New York Fashion Week: Morphine Generation
Erik Hart is never at a loss for inspiration, and his Autumn/Winter 2007 collection is no exception. Hart showed his latest collection for the first time in New York on Feb. 2 at the People’s Revolution Fashion Week Space in the Altman Building. The collection has grown from hip, embroidered rock ’n’ roll T-shirts sold in Los Angeles boutiques just 3 1/2 years ago to a grown-up, sophisticated collection with serious themes.
In shades of black, champagne, nude, gray, smoky white and olive, the collection takes cues from the visual arts, fashion, music and philosophy of a Slovenian art collective and from the dress codes of secret societies.
Hart created his own secret society named Socieacute;teacute; MG 1979 to illustrate the theme. “I imagined in a secret society people who identify other people in the society by the way they dressed with subtle details and concepts, such as a button,” said the designer. Masonic culture and the music of Alan Vega also inspired the collection, which Hart says is for the customer who challenges convention—dreamers, artists and free thinkers.
Each season, Hart challenges himself with a new skill, and this season he added Saville Row tailoring to his repertoire. He used silk to bind seams and covered antique brass buttons with silk chiffon for a masking effect. His menswear looks speak to the artistic intellectual. He paired a chunky cardigan with dark denim jeans and classic menswear shoes and layered a graphic tee under a military-inspired coat with lightly frayed edges and a bow tie draped subtly around the neck. The effect is rebellious, yet intellectual and polished.

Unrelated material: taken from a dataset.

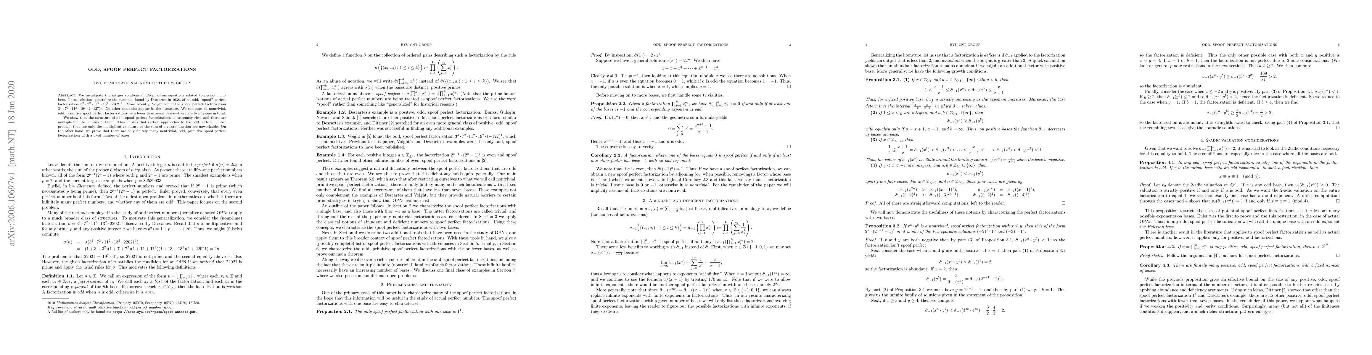 We investigate the integer solutions of Diophantine equations related to perfect numbers. These solutions generalize the example, found by Descartes in 1638, of an odd, ``spoof'' perfect factorization $3^2\cdot 7^2\cdot 11^2\cdot 13^2\cdot 22021^1$. More recently, Voight found the spoof perfect factorization $3^4\cdot 7^2\cdot 11^2\cdot 19^2\cdot(-127)^1$. No other examples appear in the literature. We compute all nontrivial, odd, primitive spoof perfect factorizations with fewer than seven bases -- there are twenty-one in total. We show that the structure of odd, spoof perfect factorizations is extremely rich, and there are multiple infinite families of them. This implies that certain approaches to the odd perfect number problem that use only the multiplicative nature of the sum-of-divisors function are unworkable. On the other hand, we prove that there are only finitely many nontrivial, odd, primitive spoof perfect factorizations with a fixed number of bases.

Hart continued to experiment with androgynous themes for his women’s collection by pairing menswear-inspired button-down shirts with high-waist overalls and T-shirts with elegant oversize trouser looks inspired by German actress Marlene Dietrich.
Other women’s styles included dresses such as a draped silk/cashmere sheath wrapped with a black PVC belt and a champagne wool sweater dress with images of a blurred Lord Byron. Fabrications—such as the lustrous black on a waxcoated knit tank and linen shorts worn with a gabardine jacket and a sleek, perfectly tailored cotton sateen suit—mimic the dark, mysterious look of black metal.